• EXERCISE DETAILS
After finding "3-jų kambarių bungalas" in the data, write out its line and all following lines without change, up to and including the last one. Leave out pictures.

• DATA SHOWN

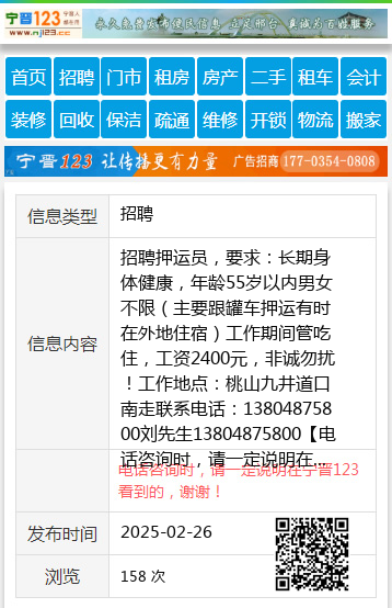 招聘押运员,要求:长期身体健康,年龄55岁以内男女不限(主要跟罐车押运有时在外地住宿)工作期间管吃住,工资2400元,非诚勿扰!工作地点:桃山九井道口南走联系电话:13804875800刘先生13804875800 【电话咨询时,请一定说明在七台河信息网看到的,谢谢!】 |
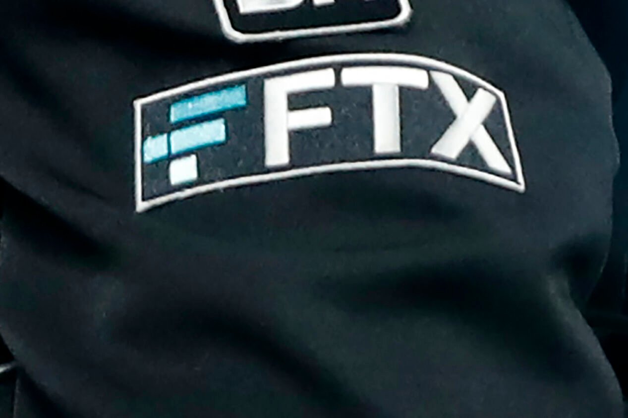 FILE - The FTX logo appears on home plate umpire Jansen Visconti's jacket at a baseball game with the Minnesota Twins on Sept. 27, 2022, in Minneapolis. The FTX bankruptcy filing followed a bruising of crypto companies throughout 2022, due in part to rising interest rates and the broader market downturn that has many investors rethinking their lust for risk. (AP Photo/Bruce Kluckhohn, File)
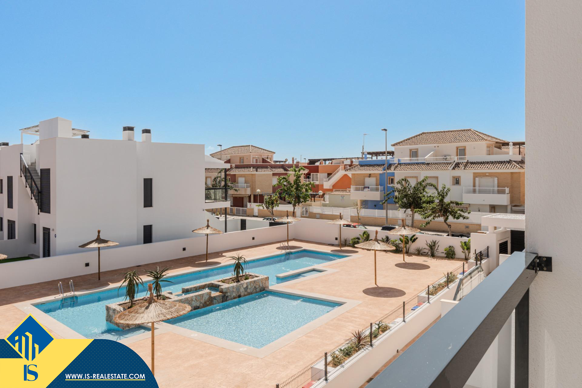 3-jų kambarių bungalas su bendru baseinu, Ispanijoje, Alicante provincijoje, Orihuela Costa mieste, bendras plotas 77 m², 2.5 kilometrai iki jūros, 55 kilometrai iki Alicante oro uosto. Turtui priklauso bendras baseinas, terasa, vieta automobiliui. Netoli turto yra parduotuvės, restoranai, autobusų stotelės, vaikų zonos, degalinės, žalios zonos, kavinės, ligoninė
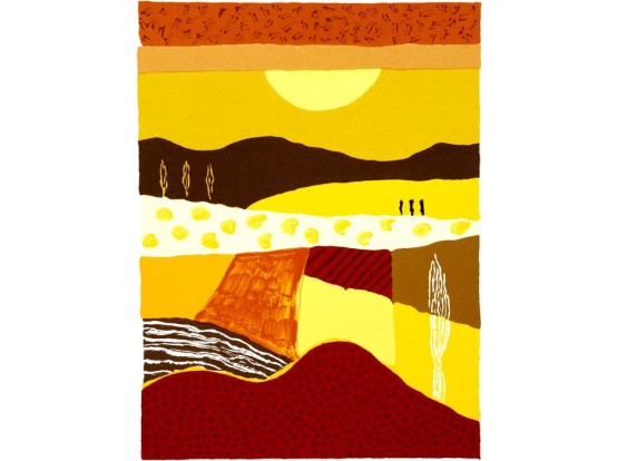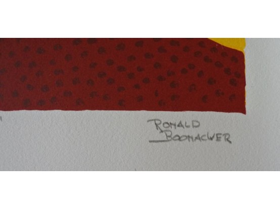Gesigneerde zeefdruk van Ronald Boonacker. Afgedrukt op 250 grams zuurvrij papier. Rood pigment en voorzien van 22 krt goud. Genummerde versie iV uit een serie van XX. Afmetingen van het beeld zijn 40 x 30 cm.

• OUTPUT OF THE EXERCISE
 3-jų kambarių bungalas su bendru baseinu, Ispanijoje, Alicante provincijoje, Orihuela Costa mieste, bendras plotas 77 m², 2.5 kilometrai iki jūros, 55 kilometrai iki Alicante oro uosto. Turtui priklauso bendras baseinas, terasa, vieta automobiliui. Netoli turto yra parduotuvės, restoranai, autobusų stotelės, vaikų zonos, degalinės, žalios zonos, kavinės, ligoninė
Gesigneerde zeefdruk van Ronald Boonacker. Afgedrukt op 250 grams zuurvrij papier. Rood pigment en voorzien van 22 krt goud. Genummerde versie iV uit een serie van XX. Afmetingen van het beeld zijn 40 x 30 cm.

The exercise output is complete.